Recently a little thought kept nudging me in the back of my head. In Stalin’s Soviet Union when Stalin purged a party leader (sent to Siberia or "given" a bullet), his propaganda ministry would carefully retouch historic photos that included the now-purged party leader. Soon, the exiled or dead party leader would disappear from history.

It’s possible that politically correct (PC) minded people are trying to do it with guns. If you can make guns disappear, eventually “gun culture” will disappear. It may take a few generations, but perhaps one day a person will see a picture of a gun that a PC propagandist missed and won’t know what it is.

Look at how images and mentions of guns are disappearing. John Lott reports that Disney used Steppenwolf “Born to be Wild” in a recent movie and rewrote the lyrics changing “fire all of your guns at once” to “fire all your engines at once.” (Hat tip to Alphecca).

New Mexico State University’s mascot was “Pistol Pete.” This summer they took his pistol away and gave him a lasso. Similarly, the annual “Red River Shootout” football fame between Texas and Oklahoma is now the “Red River Rivalry.” If you want an older one showing a trend, in 2003 a principal at a Louisiana junior high dropped a shotgun toting mascot. And, we’re talking about anti-gun PC in red states.

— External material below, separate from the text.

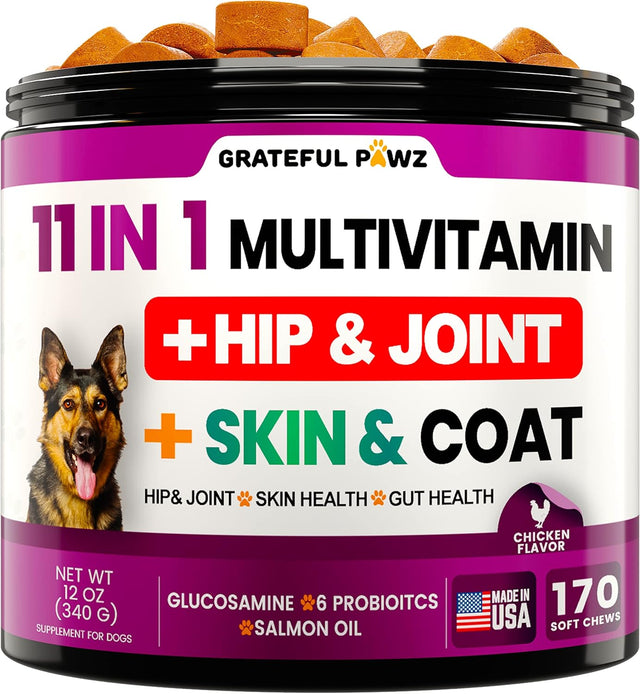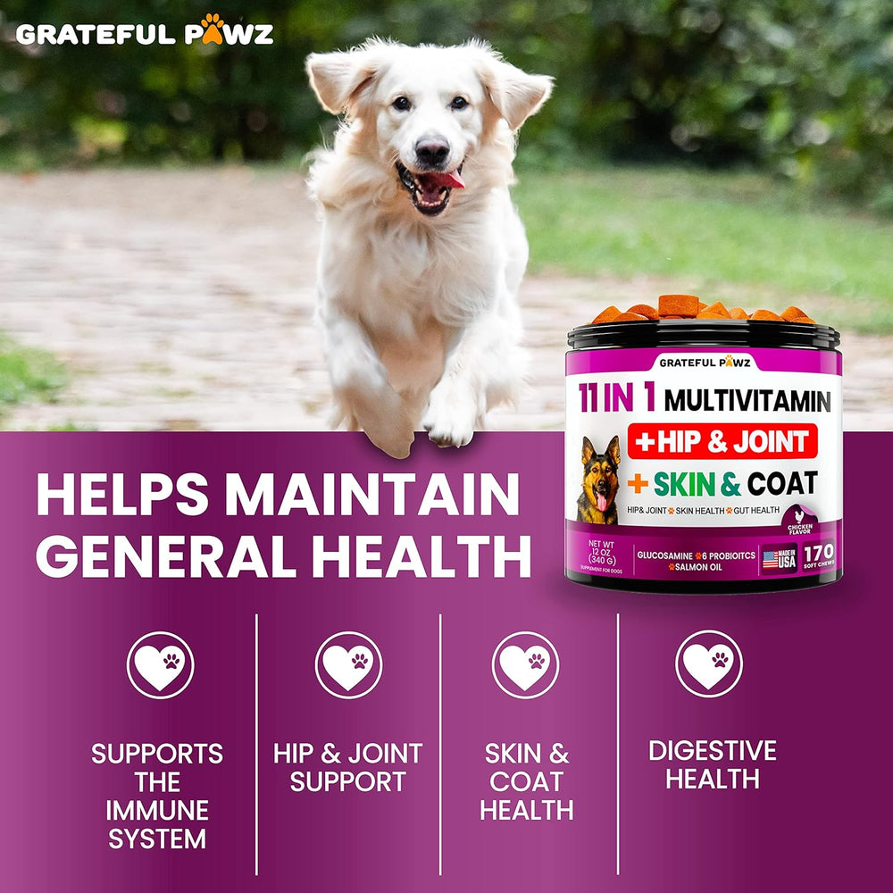 Multivitamina para perros 11 en 1: con una fórmula innovadora basada en 6 probióti aceite de salmón rico en Omeg glucosamina y otras vitaminas y minerales esencia estas vitaminas para perros de raza grande son la elección perfecta para promover el bienestar de tu mascota Apoyo de cadera y articulaciones: el multivitamínico natural de vitaminas para perros Grateful Pawz puede ayudar a reducir la inflamación y la rigidez de las articulacio lo que permite a tu perro disfrutar de una mayor movilidad y flexibilidad aumentando la lubricación. Salud de la piel y el pelo: repletas de ácidos grasos Omega 3 y condroit estas suaves vitaminas para perros mayores pueden ayudar a reducir la pica el enrojecimiento y el exceso de arañazos o la manteniendo el pelaje de tu perro brillante y fuerte 10 8 5 Intestino y digestión: con inulina prebiótica y 6 cepas prebióticas que tienen 300 millones d estas vitaminas prenatales para perros pueden apoyar la salud intestinal y digest disfrutando de la máxima biodisponibilidad y un sistema rápido de suministro de nutrientes. Perros peque medianos y grandes Golosina favorita para todos los días: los suplementos y vitaminas para perros Grateful Pawz tienen una textura masticable ultrasuave y un delicioso sabor natural de po ideal incluso para los dores más exigentes Una excelente opción para perros de todas las razas y tamaños

There are other examples I could give, but one from a blue state came right out of a team’s anti-violence campaign. Washington D.C.’s professional basketball team is the Washington Wizards formerly the Washington (and earlier Baltimore) Bullets. Team owner Abe Pollin deliberately renamed the team as an ant-violence symbol.

Now, a few examples don’t make a conspiracy, but anti-gunnies are losing politically and culturally while gunnies are winning battles in Congress. Also, more people own guns than five years ago. If they can’t win any other way, gun banners will try to win intellectual battles. PC anti-gun nuttery needs watching.